*** Information given ***

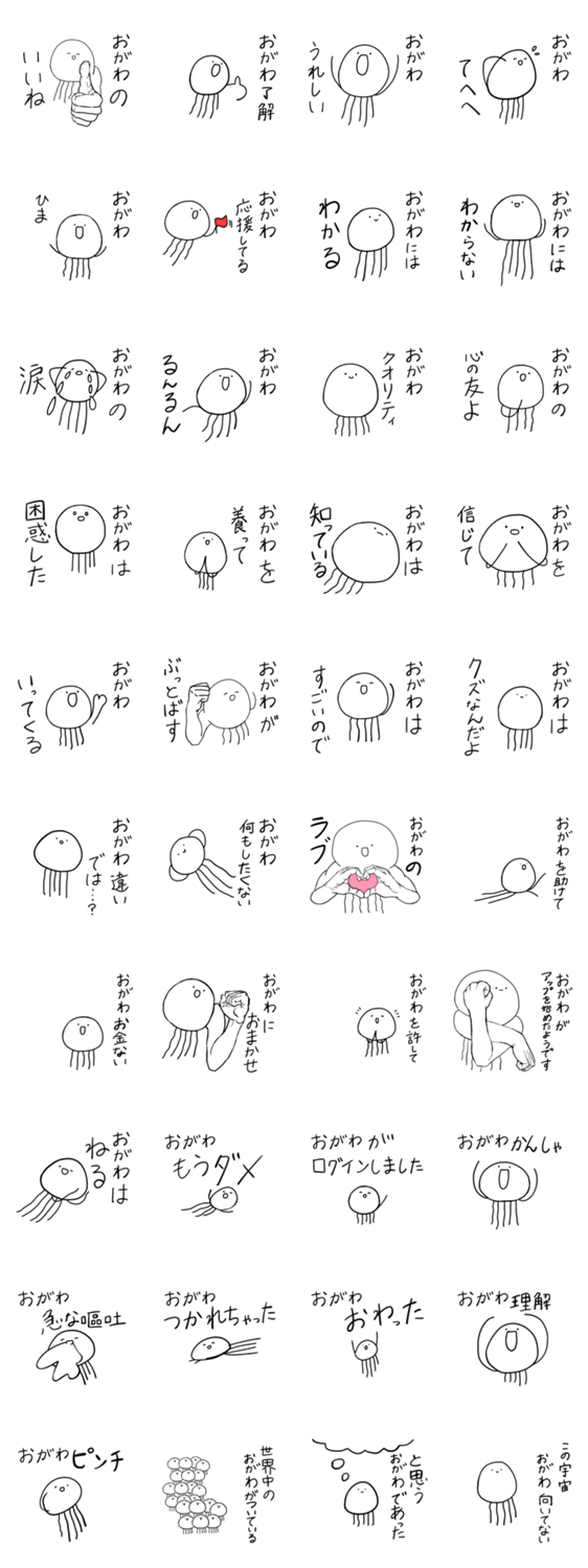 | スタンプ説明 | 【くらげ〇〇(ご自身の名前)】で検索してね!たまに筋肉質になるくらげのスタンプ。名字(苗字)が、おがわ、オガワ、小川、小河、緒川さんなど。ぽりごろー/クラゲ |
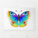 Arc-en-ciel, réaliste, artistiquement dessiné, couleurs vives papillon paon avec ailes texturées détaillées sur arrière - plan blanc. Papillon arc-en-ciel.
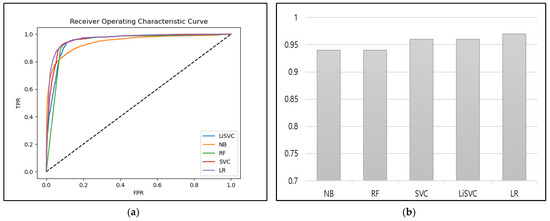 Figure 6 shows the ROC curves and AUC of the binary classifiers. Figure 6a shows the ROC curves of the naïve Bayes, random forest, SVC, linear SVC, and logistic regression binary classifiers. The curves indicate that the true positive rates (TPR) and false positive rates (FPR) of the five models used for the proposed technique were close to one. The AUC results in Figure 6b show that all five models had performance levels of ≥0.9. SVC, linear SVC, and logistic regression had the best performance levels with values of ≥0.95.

***
*** Information given ***

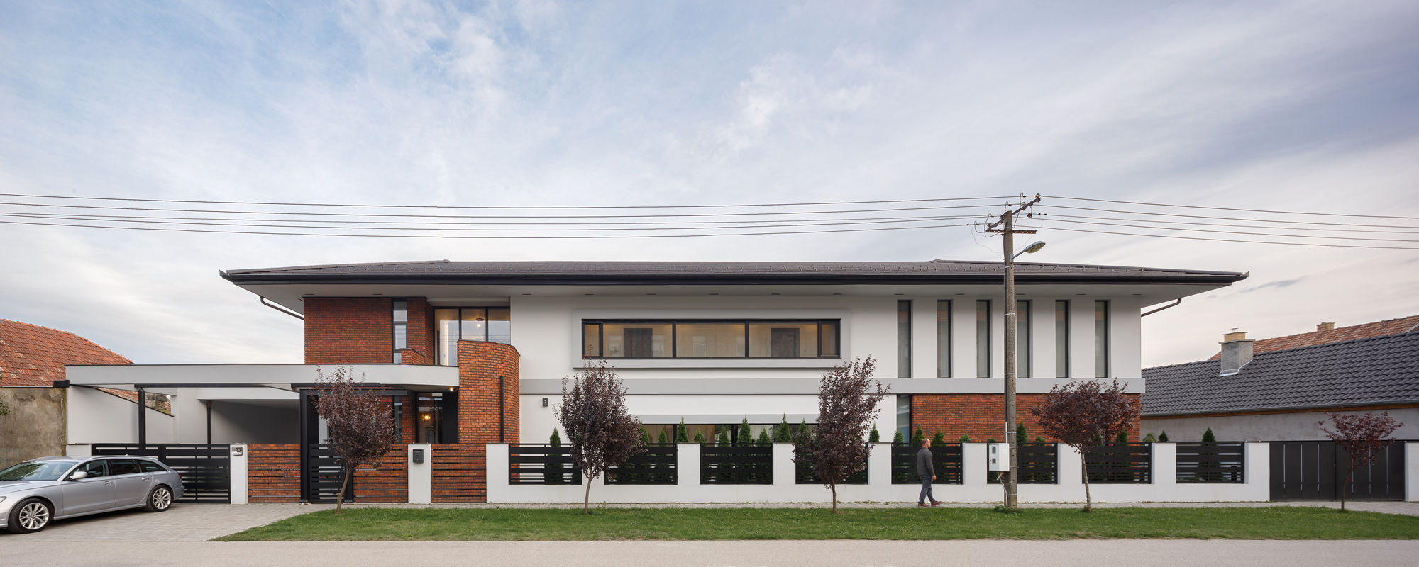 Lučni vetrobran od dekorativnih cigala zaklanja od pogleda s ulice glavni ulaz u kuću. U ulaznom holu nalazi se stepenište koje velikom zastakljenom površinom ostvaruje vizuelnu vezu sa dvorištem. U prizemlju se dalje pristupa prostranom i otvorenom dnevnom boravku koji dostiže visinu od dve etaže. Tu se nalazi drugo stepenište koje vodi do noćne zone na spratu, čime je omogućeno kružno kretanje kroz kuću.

***

_Goal of the exercise_.
Of the lines above, quote exactly those from the one with "Arc-en-ciel, réaliste, artistiquement" through the one with "Figure 6 shows", ends included; pictures stay out.

_Expected output_.
 Arc-en-ciel, réaliste, artistiquement dessiné, couleurs vives papillon paon avec ailes texturées détaillées sur arrière - plan blanc. Papillon arc-en-ciel.
 Figure 6 shows the ROC curves and AUC of the binary classifiers. Figure 6a shows the ROC curves of the naïve Bayes, random forest, SVC, linear SVC, and logistic regression binary classifiers. The curves indicate that the true positive rates (TPR) and false positive rates (FPR) of the five models used for the proposed technique were close to one. The AUC results in Figure 6b show that all five models had performance levels of ≥0.9. SVC, linear SVC, and logistic regression had the best performance levels with values of ≥0.95.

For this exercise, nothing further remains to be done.